By the method, the pixel points which are mistakenly considered to belong to the face part can be removed, so that the face area can be more accurately detected in the image to be processed.

In the scheme provided by the disclosure, the region where the pixel points belonging to the face part are located can be determined as the face region, so that the region conforming to the appearance of the face can be obtained without being constrained by the rectangular frame, the face region detected in this way does not include the pixel points not belonging to the face part, and other processing such as blurring processing can be performed on the face region, and the blurring processing can be, for example, processing the face region into a mosaic image.

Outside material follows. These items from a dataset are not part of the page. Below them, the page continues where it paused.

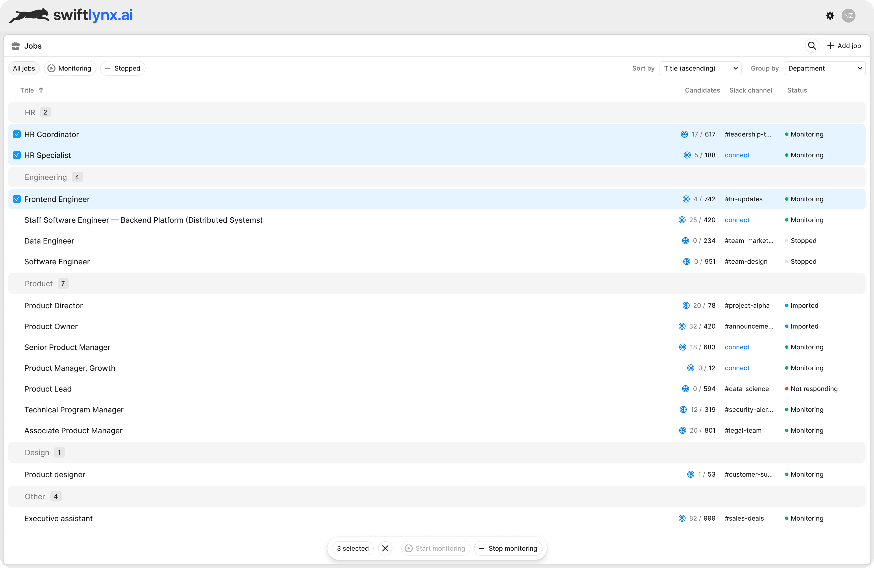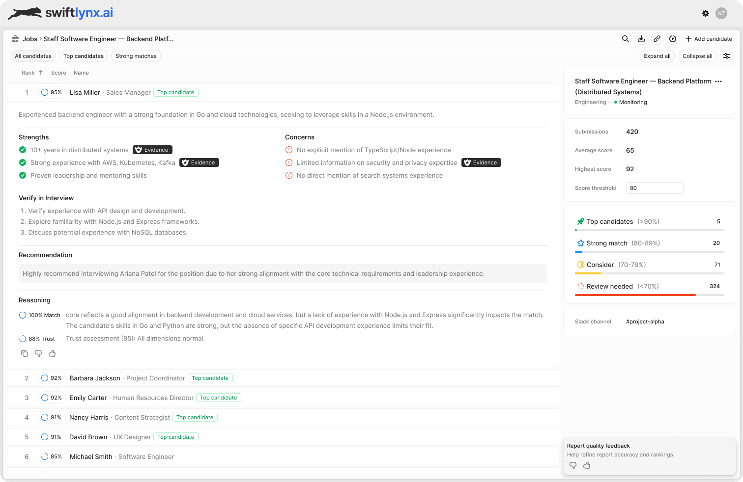 See ranking, shortlist quality, and job status in one view.
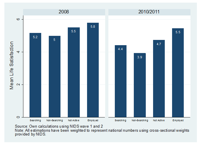 When we re-examined this issue using contemporary data from the National Income Dynamics Study,[1] we find new, and better, evidence that the non-searching unemployed are equally, or even more, ‘unhappy’ than the searching unemployed. Indeed, their life satisfaction has hit rock bottom. Based on these considerations, there are no grounds for excluding the non-searching unemployed from measures of unemployment.
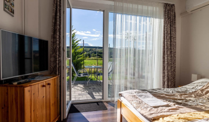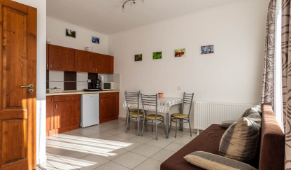 Az újépítésű, két szintes szálláshely, négy, teljesen felszerelt, igényes kialakítású, tágas, világos apartmannal várja vendégeit. A földszinten 2 apartman került kialakításra, az egyik 2 férőhelyes és zuhanyzós fürdőszobával rendelkezik, a másikban pedig 2+2 fő elszállásolására van lehetőség és fürdőkádas fürdőszobával rendelkezik. Az emeleten szintén 2 apartman található. Mindegyik 2+2 férőhelyes és zuhanyzós fürdőszobával ellátott. Az apartmanok mindegyike klimatizált, valamint saját konyhával és fürdőszobával rendelkezik. A szépen füvesített udvaron élvezhetik a vendégek a környék friss levegőjét. Díjmentes, térkövezett parkolóval várják az autóval érkező vendégeket.
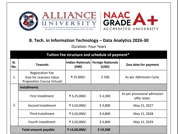 Earlier, B.Tech Data Analytics fees at Alliance University Bangalore was ₹ 14 Lakhs (in 2025) for the entire course duration. This shows that the fee has remained unchanged since 2025.
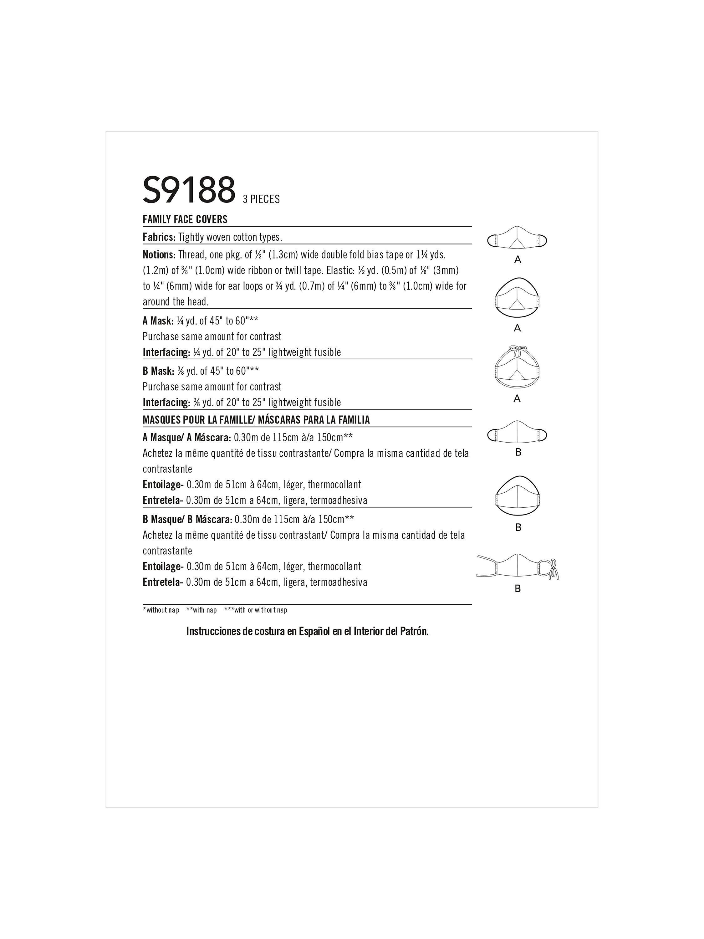 SimplicityUnisex Face Coverings Sewing Pattern, S9188A

The face detection method provided by the present disclosure includes: acquiring an image to be processed, and processing the image to be processed by using a face detection model to obtain a face detection result; the face detection result is used for representing whether pixel points included in the image to be processed belong to the face part or not; and determining a face region in the image to be processed according to the detection result. According to the face detection method provided by the disclosure, the detected face region does not include pixel points which do not belong to the face region, so that the face region with more accurate edge contour is obtained, and other subsequent processing on the face region is facilitated.

Fig. 3 is a flowchart illustrating a face detection method according to another exemplary embodiment of the present disclosure.

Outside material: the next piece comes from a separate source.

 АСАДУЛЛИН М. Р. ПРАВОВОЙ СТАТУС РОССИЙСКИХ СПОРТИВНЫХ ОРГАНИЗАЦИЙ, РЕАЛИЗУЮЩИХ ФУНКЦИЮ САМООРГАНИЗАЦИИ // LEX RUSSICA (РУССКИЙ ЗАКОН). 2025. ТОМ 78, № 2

As shown in fig. 3, the face detection method of the present disclosure includes:

step 301, an original image is acquired.

In the scheme provided by the disclosure, the computer can acquire the original image first and then process the original image to obtain the image to be processed. The original image may be uploaded by a user, or may be obtained by a computer automatically, for example.

Step 302, preprocessing the original image to obtain an image to be processed.

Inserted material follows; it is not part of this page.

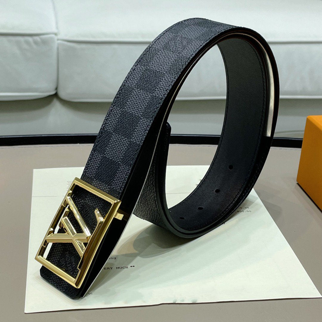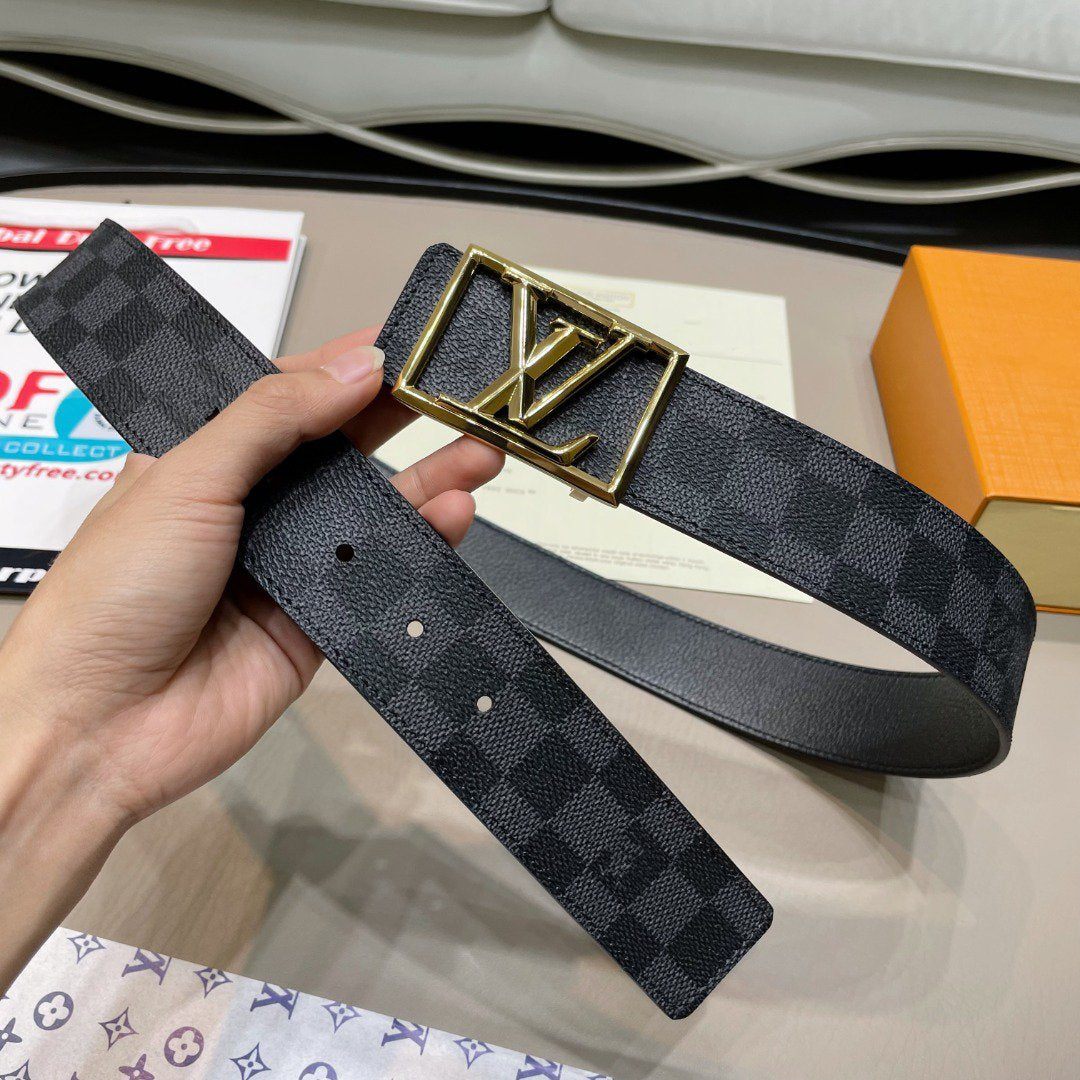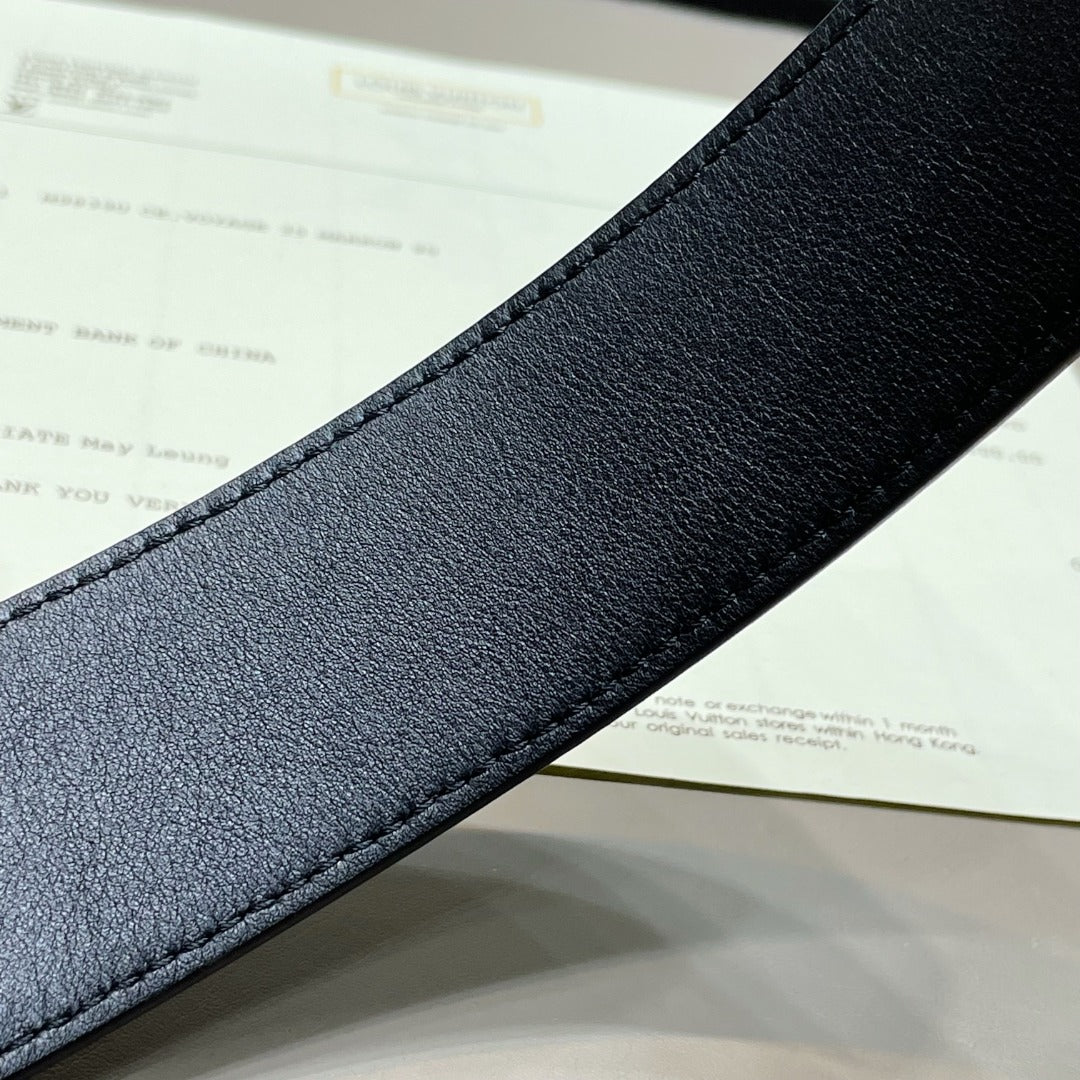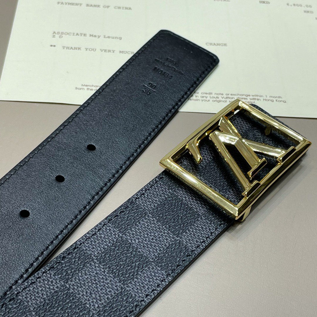 LV BELT GOLD BORDER BUCKLE BLACK GREY LEATHER 40MM

In the method provided by the disclosure, a face detection model can be preset, and then the face detection model is used for detecting pixel points belonging to a face part in an original image.

Specifically, before the original image is input into the model, the original image may be preprocessed to obtain an image to be processed, and then the image to be processed is input into the face detection model, so as to improve the accuracy of the model output result.

Further, when the original image is preprocessed, the size of the original image may be converted to 840 × 3, and then the converted image is normalized, for example, the pixel value of the image may be normalized, so as to obtain the image to be processed.

And step 303, extracting image features of the image to be processed by using an encoder in the face detection model.

And 304, processing the image characteristics by using a decoder in the face detection model, and determining whether pixel points included in the image to be processed belong to the face part.

According to the scheme provided by the disclosure, through an end-to-end feature extraction mode, features are directly learned from an original picture without manually constructing the features, the data mining capability of big data and deep learning is fully utilized, and the features are comprehensive and have good generalization.

The computer can extract the image characteristics of the image to be processed by using the encoder, process the image characteristics by using the decoder and determine whether the pixel points included in the image to be processed belong to the face part.

Further, the trained MAE model comprises an encoder and a decoder, wherein the encoder is used for extracting image features of the image to be processed, and the decoder is used for determining whether each pixel point in the image to be processed belongs to a face part according to the image features so as to obtain a face detection result.

Compared with a convolutional neural network, VIT is a global modeling, information of all pixels in an image can be detected once, and each pixel point can be communicated with all other pixel points more deeply in the VIT model building process, so that the VIT model has stronger feature expression capability, learning capability and model building capability. Therefore, the scheme provided by the disclosure can detect whether each pixel point in the image to be processed belongs to the face part or not through the encoder and the decoder with the VIT structure.

In an optional implementation manner, a decoder can be used to process image features, and the probability that pixel points included in an image to be processed belong to a face part is determined; and determining whether the pixel belongs to the face part or not based on the decoder and the probability of the pixel.

For example, the probability that one pixel belongs to the face region is determined to be 80%, and the probability that the other pixel belongs to the face region is determined to be 20%.

In practical application, the decoder has a function of determining whether the pixel belongs to the face part according to the probability of the pixel, for example, the pixel with the probability higher than a threshold value can be determined as the face pixel. By determining the probability that the single pixel point belongs to the face region, the detection result of whether the single pixel point belongs to the face part can be determined, and therefore the face region can be detected in the image to be processed more accurately.

And 305, determining a face region in the original image according to the face region in the image to be processed.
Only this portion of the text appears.